[Provided data Boundary: Start]

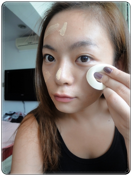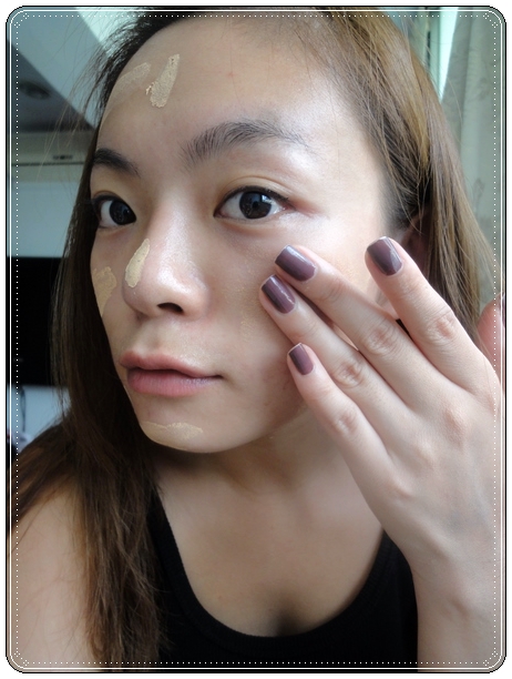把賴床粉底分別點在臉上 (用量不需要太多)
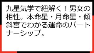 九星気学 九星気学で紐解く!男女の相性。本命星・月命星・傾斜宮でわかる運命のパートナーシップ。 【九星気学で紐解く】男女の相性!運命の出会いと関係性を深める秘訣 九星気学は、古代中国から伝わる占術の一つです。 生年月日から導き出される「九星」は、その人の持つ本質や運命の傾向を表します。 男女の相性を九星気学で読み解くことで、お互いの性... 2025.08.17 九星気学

[Provided data Boundary: End]
[Provided data Boundary: Start]

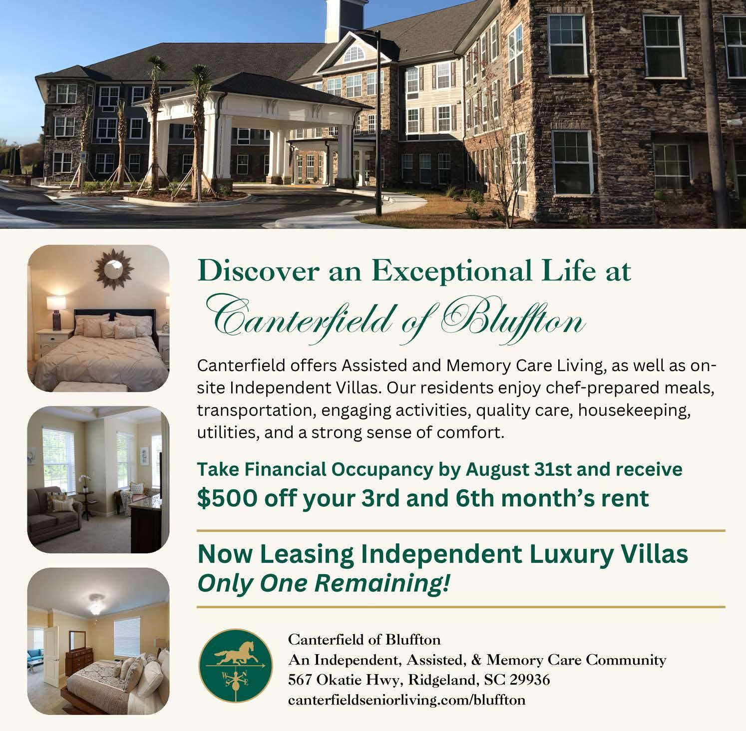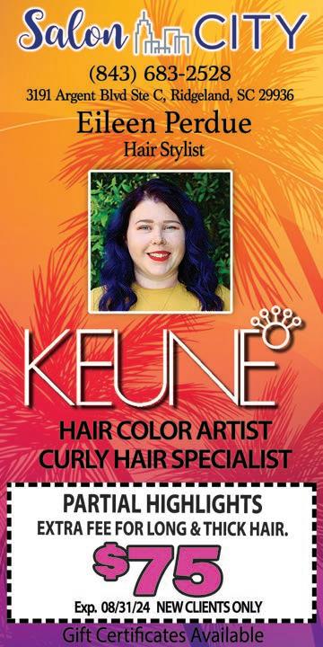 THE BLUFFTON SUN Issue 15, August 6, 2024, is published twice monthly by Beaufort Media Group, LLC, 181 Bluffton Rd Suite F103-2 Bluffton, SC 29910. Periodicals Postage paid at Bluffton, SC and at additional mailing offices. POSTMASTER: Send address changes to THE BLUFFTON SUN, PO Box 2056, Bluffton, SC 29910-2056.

[Provided data Boundary: End]

What needs to be done » Copy only what lies between the line with "把賴床粉底分別點在臉上 (用量不需要太多)" and the line with "男女の相性を九星気学で読み解くことで、お互いの性... 2025.08.17 九星気学", those two lines included, exactly as given above; pictures stay out.

Expected answer »
把賴床粉底分別點在臉上 (用量不需要太多)
 九星気学 九星気学で紐解く!男女の相性。本命星・月命星・傾斜宮でわかる運命のパートナーシップ。 【九星気学で紐解く】男女の相性!運命の出会いと関係性を深める秘訣 九星気学は、古代中国から伝わる占術の一つです。 生年月日から導き出される「九星」は、その人の持つ本質や運命の傾向を表します。 男女の相性を九星気学で読み解くことで、お互いの性... 2025.08.17 九星気学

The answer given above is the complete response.